The medieval mastic villages
In the south and most fertile part of the island in the only place in the world where mastic grows, there are the 24 mastic villages. Built in the Middle Ages, these villages display exquisite architecture and unique decorative elements, such as the ksistá, “scratched surfaces”, on the facades of the houses in Pyrgi, the biggest of the villages. Ksista are geometric designs scratched on plaster with a technique that is unparalleled in the world. If you are lucky enough, you might catch the plaster workers at work!
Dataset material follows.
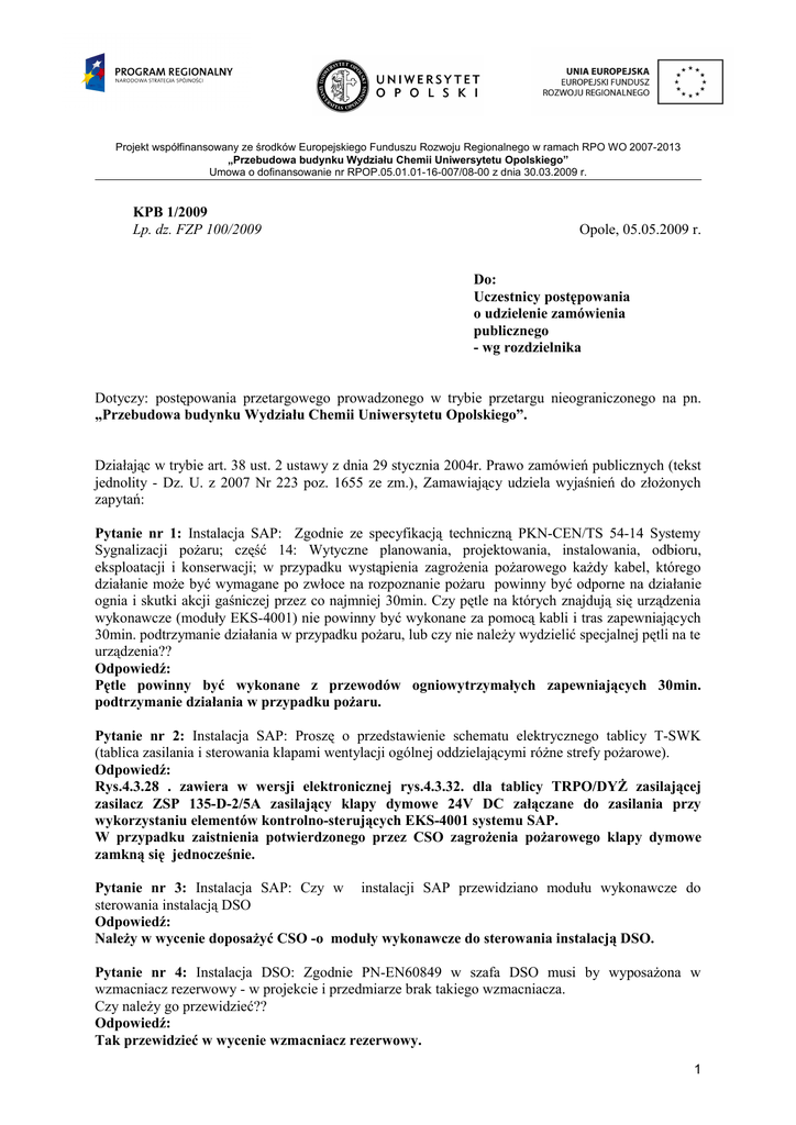 Projekt współfinansowany ze środków Europejskiego Funduszu Rozwoju Regionalnego w ramach RPO WO 2007-2013 „Przebudowa budynku Wydziału Chemii Uniwersytetu Opolskiego” Umowa o dofinansowanie nr RPOP.05.01.01-16-007/08-00 z dnia 30.03.2009 r. KPB 1/2009 Lp. dz. FZP 100/2009 Opole, 05.05.2009 r. Do: Uczestnicy postępowania o udzielenie zamówienia publicznego - wg rozdzielnika Dotyczy: postępowania przetargowego prowadzonego w trybie przetargu nieograniczonego na pn. „Przebudowa budynku Wydziału Chemii Uniwersytetu Opolskiego”. Działając w trybie art. 38 ust. 2 ustawy z dnia 29 stycznia 2004r. Prawo zamówień publicznych (tekst jednolity - Dz. U. z 2007 Nr 223 poz. 1655 ze zm.), Zamawiający udziela wyjaśnień do złożonych zapytań: Pytanie nr 1: Instalacja SAP: Zgodnie ze specyfikacją techniczną PKN-CEN/TS 54-14 Systemy Sygnalizacji pożaru; część 14: Wytyczne planowania, projektowania, instalowania, odbioru, eksploatacji i konserwacji; w przypadku wystąpienia zagrożenia pożarowego każdy kabel, którego działanie może być wymagane po zwłoce na rozpoznanie pożaru powinny być odporne na działanie ognia i skutki akcji gaśniczej przez co najmniej 30min. Czy pętle na których znajdują się urządzenia wykonawcze (moduły EKS-4001) nie powinny być wykonane za pomocą kabli i tras zapewniających 30min. podtrzymanie działania w przypadku pożaru, lub czy nie należy wydzielić specjalnej pętli na te urządzenia?? Odpowiedź: Pętle powinny być wykonane z przewodów ogniowytrzymałych zapewniających 30min. podtrzymanie działania w przypadku pożaru. Pytanie nr 2: Instalacja SAP: Proszę o przedstawienie schematu elektrycznego tablicy T-SWK (tablica zasilania i sterowania klapami wentylacji ogólnej oddzielającymi różne strefy pożarowe). Odpowiedź: Rys.4.3.28 . zawiera w wersji elektronicznej rys.4.3.32. dla tablicy TRPO/DYŻ zasilającej zasilacz ZSP 135-D-2/5A zasilający klapy dymowe 24V DC załączane do zasilania przy wykorzystaniu elementów kontrolno-sterujących EKS-4001 systemu SAP. W przypadku zaistnienia potwierdzonego przez CSO zagrożenia pożarowego klapy dymowe zamkną się jednocześnie. Pytanie nr 3: Instalacja SAP: Czy w instalacji SAP przewidziano modułu wykonawcze do sterowania instalacją DSO Odpowiedź: Należy w wycenie doposażyć CSO -o moduły wykonawcze do sterowania instalacją DSO. Pytanie nr 4: Instalacja DSO: Zgodnie PN-EN60849 w szafa DSO musi by wyposażona w wzmacniacz rezerwowy - w projekcie i przedmiarze brak takiego wzmacniacza. Czy należy go przewidzieć?? Odpowiedź: Tak przewidzieć w wycenie wzmacniacz rezerwowy. 1 Projekt współfinansowany ze środków Europejskiego Funduszu Rozwoju Regionalnego w ramach RPO WO 2007-2013 „Przebudowa budynku Wydziału Chemii Uniwersytetu Opolskiego” Umowa o dofinansowanie nr RPOP.05.01.01-16-007/08-00 z dnia 30.03.2009 r. Pytanie nr 5: Okablowanie Strukturalne: W związku z sprzecznymi informacjami, instalację okablowanie strukturalnego należy wykonać jak rozwiązania systemowe NEXANS czy LANSTER?? Odpowiedź: Zgodnie z Opisem Technicznym dot. okablowania strukturalnego oraz zawartym w pkt. 2.5 „Ogólna struktura okablowania”, ppkt. 2 cyt.„Powinno się dążyć do ujednolicenia osprzętu używanego do wykonywania okablowania strukturalnego – projektuje się rozwiązanie systemowe firmy NEXANS”, zatem ze względu na konieczność ujednolicenia systemów okablowania strukturalnego oraz z uwagi na posiadane już okablowanie strukturalne w pozostałych budynkach UO firmy NEXANS, przedmiotowe okablowanie winno być wykonane również w oparciu o rozwiązania systemowe firmy NEXANS, stosując elementy wyszczególnione w ppkt. 2.6 Cześć nr 2 – zakup i montaż wyposażenia wymagającego montażu wraz z uruchomieniem (dygestoria, przystawki) Pytanie nr 6: Dotyczy pkt. 5.2.1.2 SIWZ. Czy Zamawiający dopuści wykonawców którzy wykonali w okresie ostatnich 5 lat przed dniem wszczęcia postępowania o udzielenie zamówienia, a jeśli okres prowadzenia działalności jest krótszy - w tym okresie minimum 3 zadania odpowiadające swoim rodzajem stanowiącym przedmiot zamówienia o wartości każdego zadania nie mniejszej niż 1 200 000 zł brutto. W zakresie jednego zadania wlicza się dostawę, wykonanie montażu i rozruchu urządzeń technologicznych w laboratorium? Obecny zapis SIWZ powoduje nierówne traktowanie oferentów (w szczególności firm zajmujących się wyposażeniem laboratoriów), gdyż na rynku polskim nie było realizacji o tak dużych wartościach. Odpowiedź: Wykonawcy przystępujący do części nr 2 muszą spełnić, miedzy innymi, warunek z pkt. 5.2.1.2. Warunki udziału w postępowaniu stanowią o równym traktowaniu wykonawców na rynku europejskim zgodnie z ustawą Pzp. Dotyczy B.18.00.00 STWiOR Pytanie nr 7: Czy ze względu na specyfikę pracy dygestoria ceramiczne i przeciwwybuchowe mają być w całości wykonane z blach i kształtowników metalowych z dodatkiem ceramiki i szkła, bez użycia materiałów drewnopochodnych? Odpowiedź: Dygestoria mają spełniać wymagania określone w SIWZ i posiadać wymagane certyfikaty. Nie dopuszcza się elementów i materiałów drewnopochodnych. Pytanie nr 8: Czy konstrukcja dygestorium ma być oparta na nośnych ścianach bocznych, bez stelaża pod blatem ? Odpowiedź: Konstrukcja dygestoriów powinna być stabilna i gwarantować spełnienie postawionych wymagań technologicznych, ergonomicznych i bezpieczeństwa użytkowania dostarczanych i uruchamianych urządzeń. Pytanie nr 9: Czy konstrukcja dygestorium ma zapewniać dostęp do wszystkich elementów instalacyjnych obiektu (przyłączeń mediów), bez konieczności demontażu jakichkolwiek innych elementów dygestorium czy też sąsiednich elementów umeblowania a także bez konieczności przemieszczania dygestorium? 2 Projekt współfinansowany ze środków Europejskiego Funduszu Rozwoju Regionalnego w ramach RPO WO 2007-2013 „Przebudow

South of Pyrgi, there is Mestá, another medieval village, whose stone houses form an impregnable fortress. The village has only one gateway for people to enter and the houses are built so close to one another that locals say the only way to walk around is by climbing over the roofs. Let the locals treat you with “mestoutsiko”, a local wine, and with a drink made of distilled figs and grapes, “souma”.
No one who loves the sea could ever leave Chios dissatisfied. You don’t want to go far from the town? The beaches of Ormos tou Lo (=Lo’s Bay) and Tagma are at your disposal. Are you into sea sports? Bella Vista and Afanis Naftis (=Unknown Sailor) are perfect for wind surfing.
Do you want to combine legend with pleasure? Swim at the beach of Daskalopetra, where Homer was supposed to sit on a stone and teach. “Daskalopetra” actually means “teaching stone”.